━━ Data

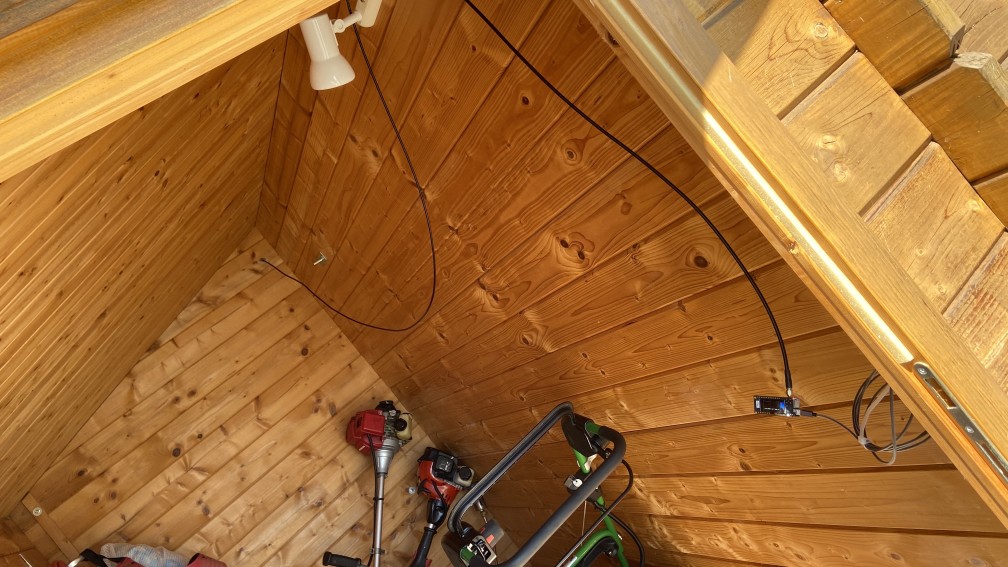 A 5 meter antenna wire was used to connect the antenna with the TTGO LoRa32 V2 board. Currently everything is just hangig around.
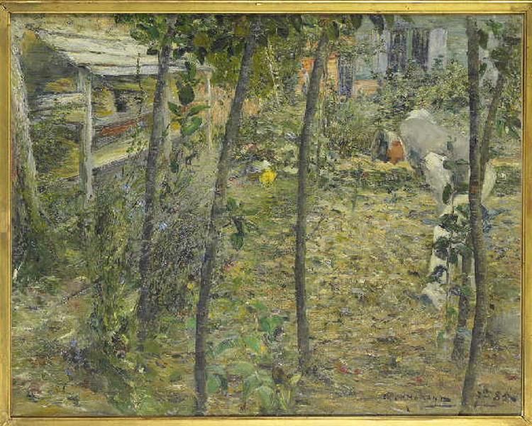 ensemble dispersé : Les choux (1884), pendant de Dans le jardin, actuellement conservé dans une collection publique en Grande-Bretagne ; huile sur papier gris (collection P.M. Angrand, 1982)
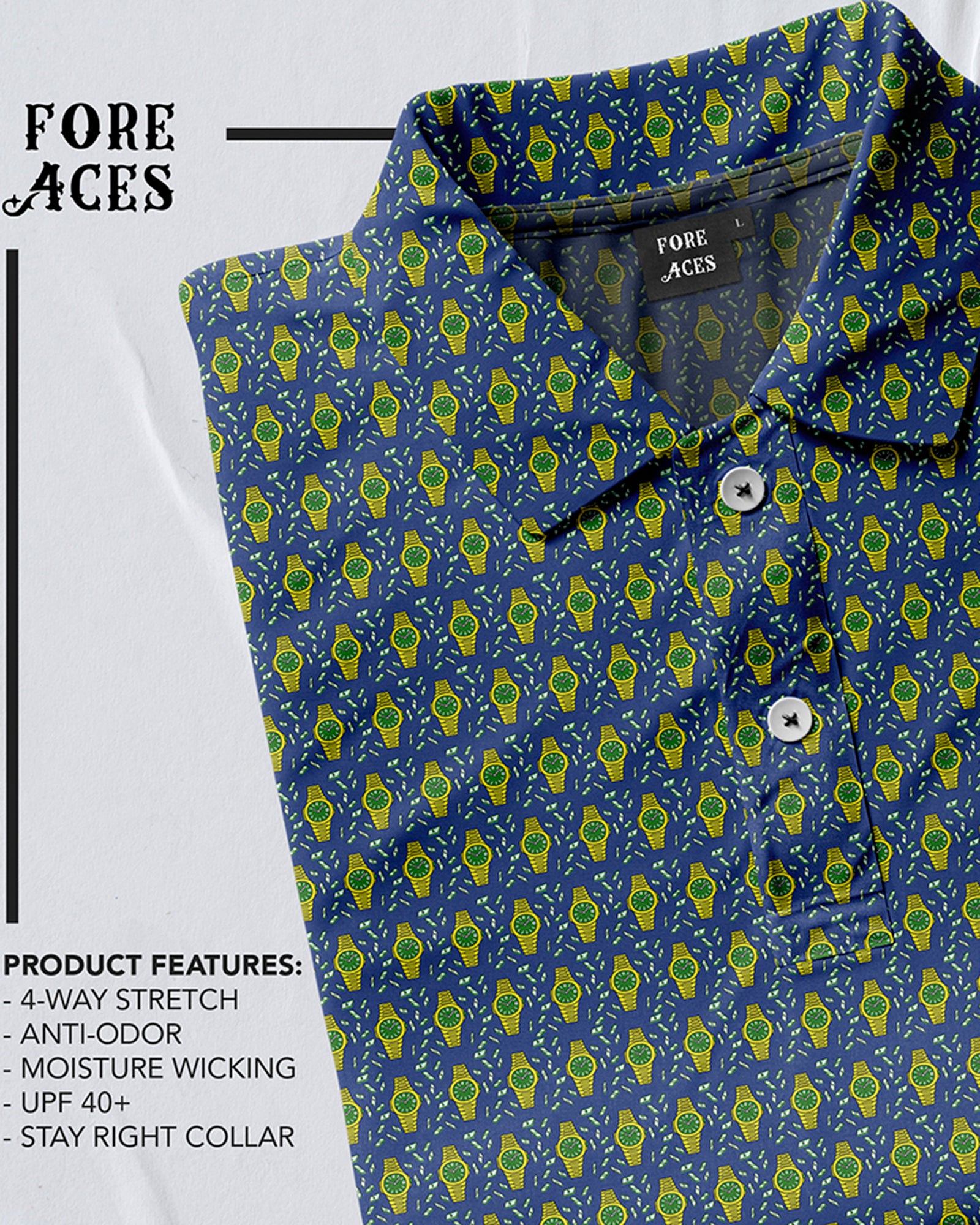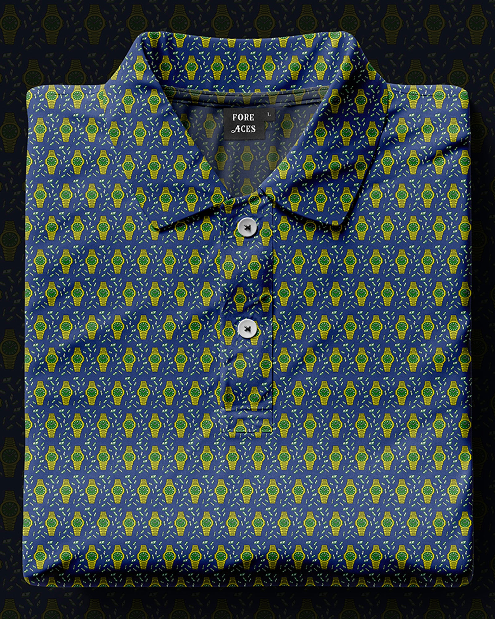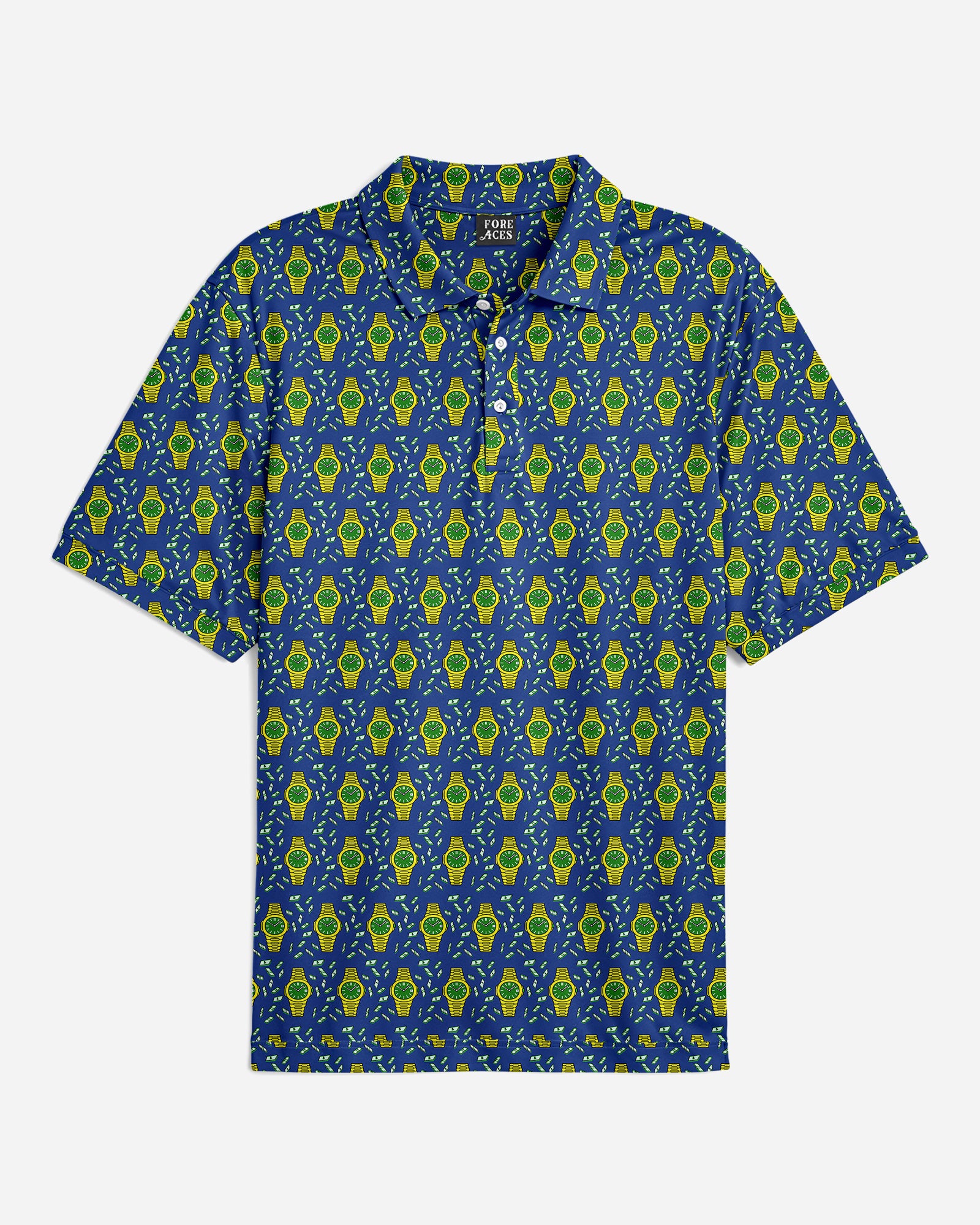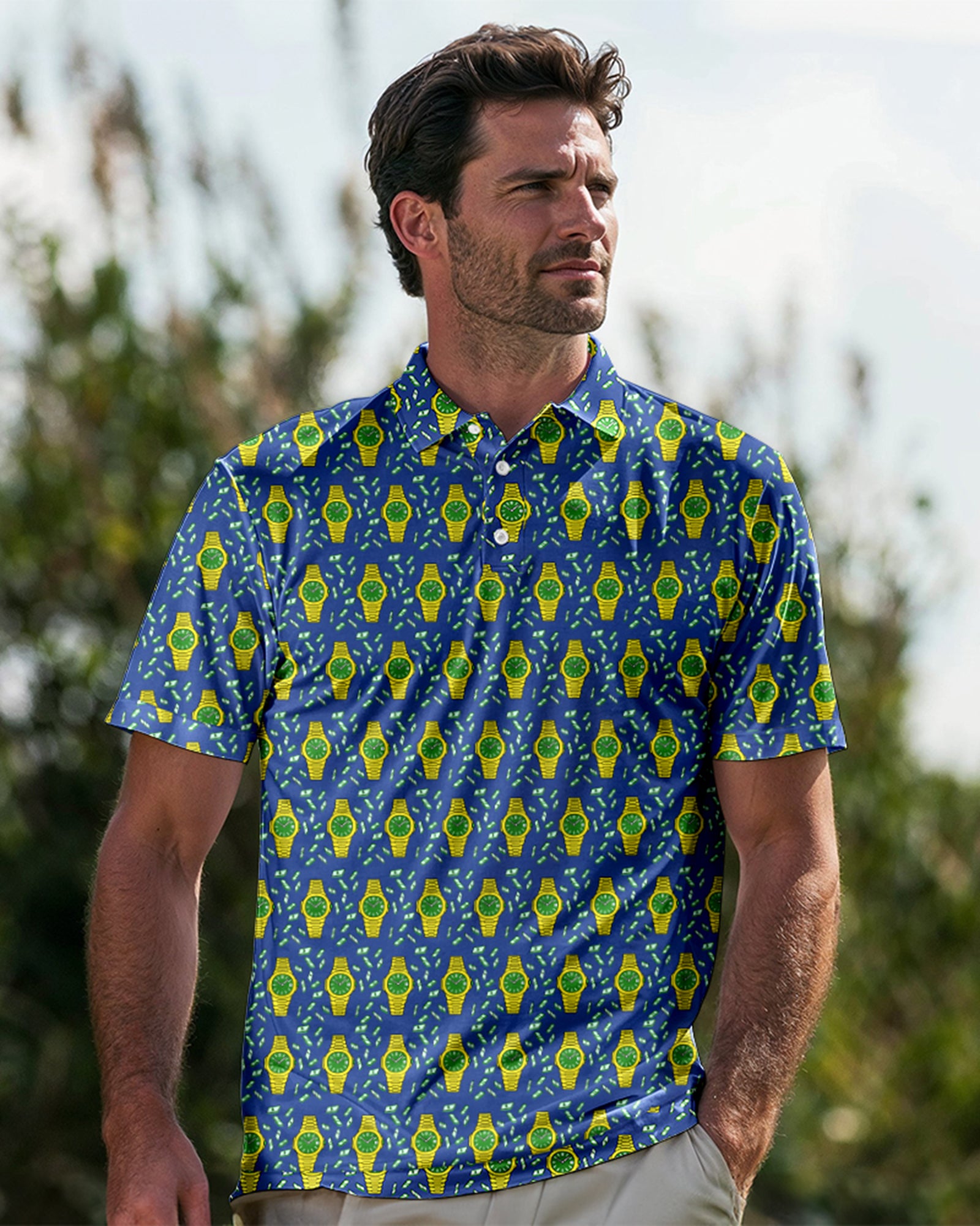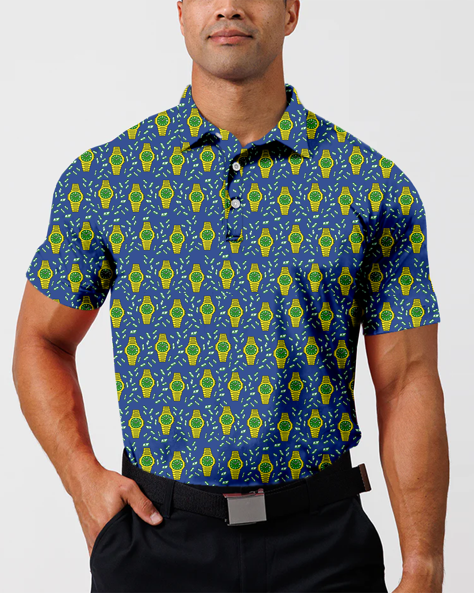 Introducing the "Tee Time Timepiece Polo," the ultimate statement piece for those who dare to stand out. Crafted from the finest threads, this polo isn't just a garment; it's a proclamation of style. With its bold colors that scream "I have arrived!" and a collar so sharp it could cut through the tension in a boardroom, this polo
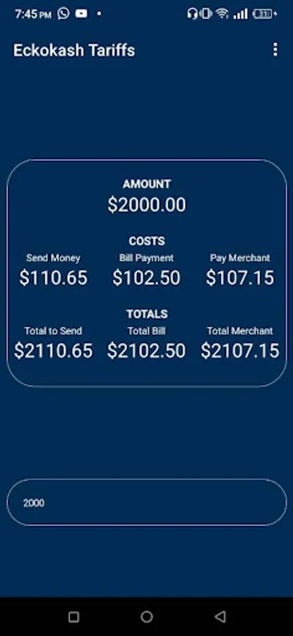 Ecokash Tariffs is an application that lets you check tariffs associated with EcoCash Transactions

━━━━

* Work instruction
Please output the material above again, exactly, and omit every image.

* Solution for this problem
 A 5 meter antenna wire was used to connect the antenna with the TTGO LoRa32 V2 board. Currently everything is just hangig around.
 ensemble dispersé : Les choux (1884), pendant de Dans le jardin, actuellement conservé dans une collection publique en Grande-Bretagne ; huile sur papier gris (collection P.M. Angrand, 1982)
 Introducing the "Tee Time Timepiece Polo," the ultimate statement piece for those who dare to stand out. Crafted from the finest threads, this polo isn't just a garment; it's a proclamation of style. With its bold colors that scream "I have arrived!" and a collar so sharp it could cut through the tension in a boardroom, this polo
 Ecokash Tariffs is an application that lets you check tariffs associated with EcoCash Transactions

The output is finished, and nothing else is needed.